**EXERCISE:** Nothing outside the lines below from the one containing "Add a touch" through the one containing "Wallpaper Orange-black 3d" is to be printed; print those exactly, ends included, and drop the pictures.

**DATA UNDER STUDY:**
▼

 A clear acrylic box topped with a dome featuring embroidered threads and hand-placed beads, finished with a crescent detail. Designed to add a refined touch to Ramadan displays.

▲
▼

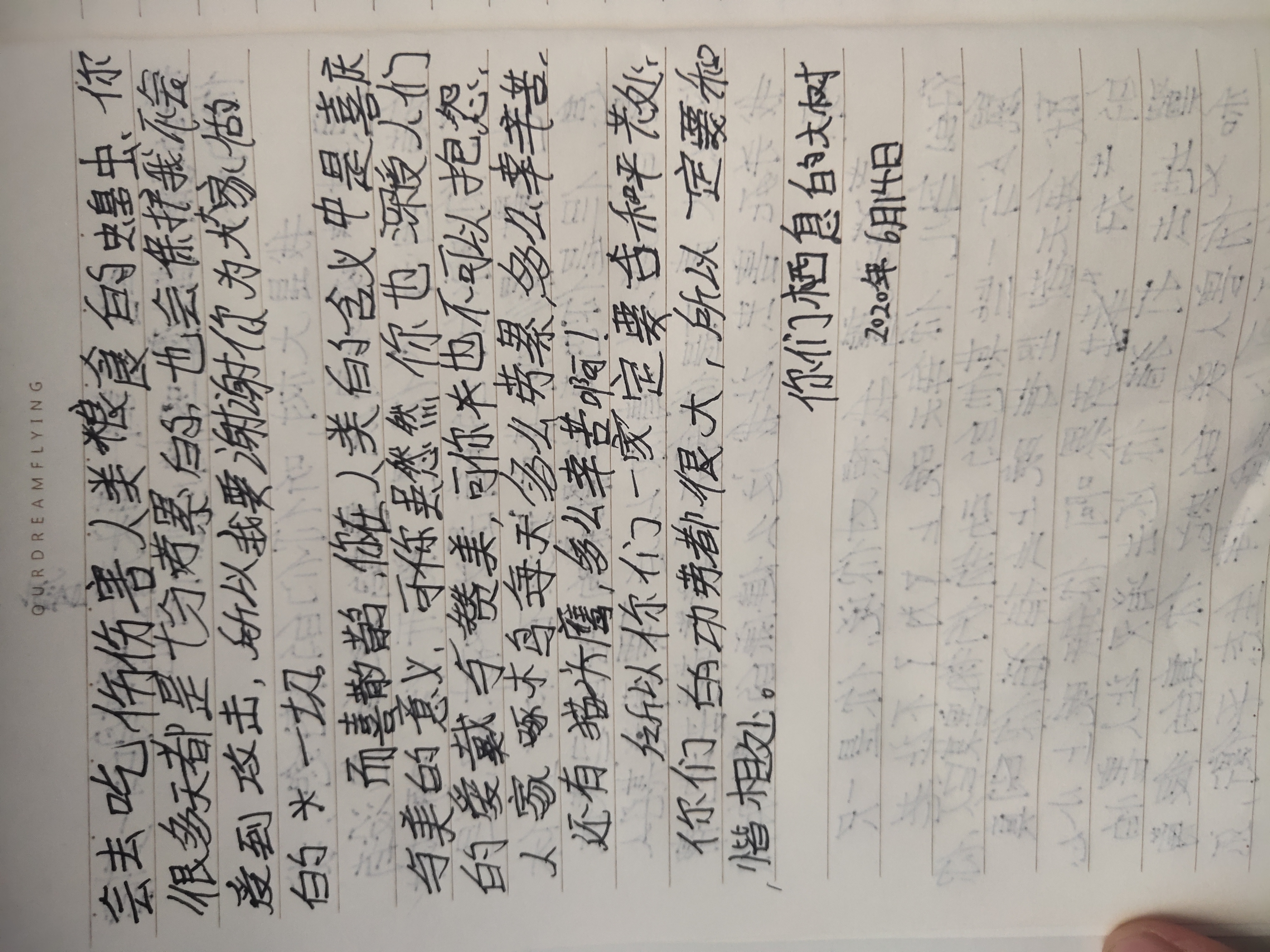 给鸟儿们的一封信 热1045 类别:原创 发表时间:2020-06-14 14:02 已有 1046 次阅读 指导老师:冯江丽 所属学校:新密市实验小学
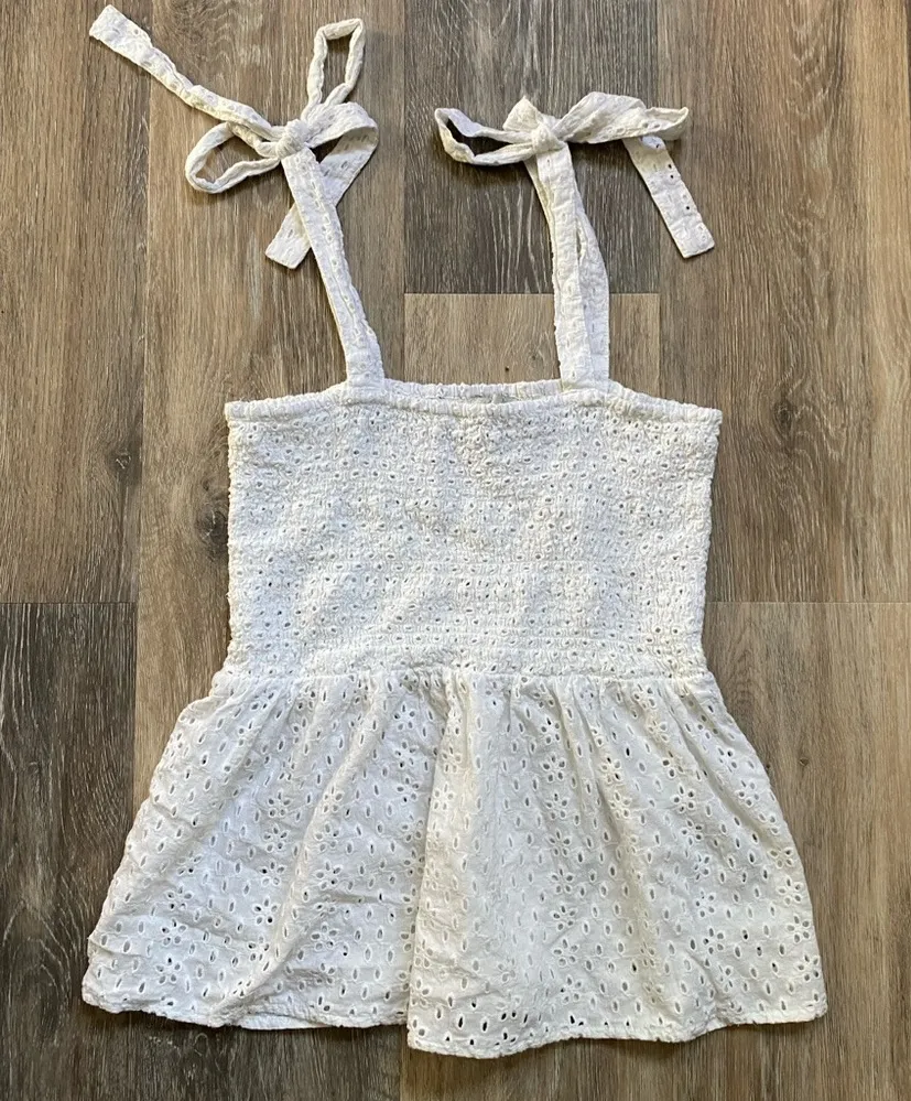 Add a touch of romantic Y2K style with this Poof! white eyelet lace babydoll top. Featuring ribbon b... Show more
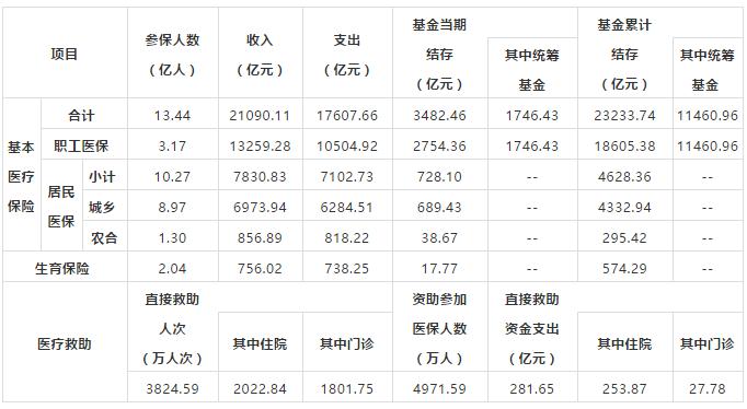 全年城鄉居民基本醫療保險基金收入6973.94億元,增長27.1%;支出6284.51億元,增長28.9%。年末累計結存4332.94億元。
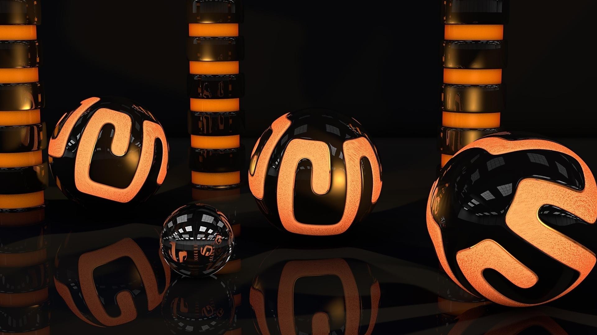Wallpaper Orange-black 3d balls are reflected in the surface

▲

**TASK ANSWER:**
 Add a touch of romantic Y2K style with this Poof! white eyelet lace babydoll top. Featuring ribbon b... Show more
 全年城鄉居民基本醫療保險基金收入6973.94億元,增長27.1%;支出6284.51億元,增長28.9%。年末累計結存4332.94億元。
Wallpaper Orange-black 3d balls are reflected in the surface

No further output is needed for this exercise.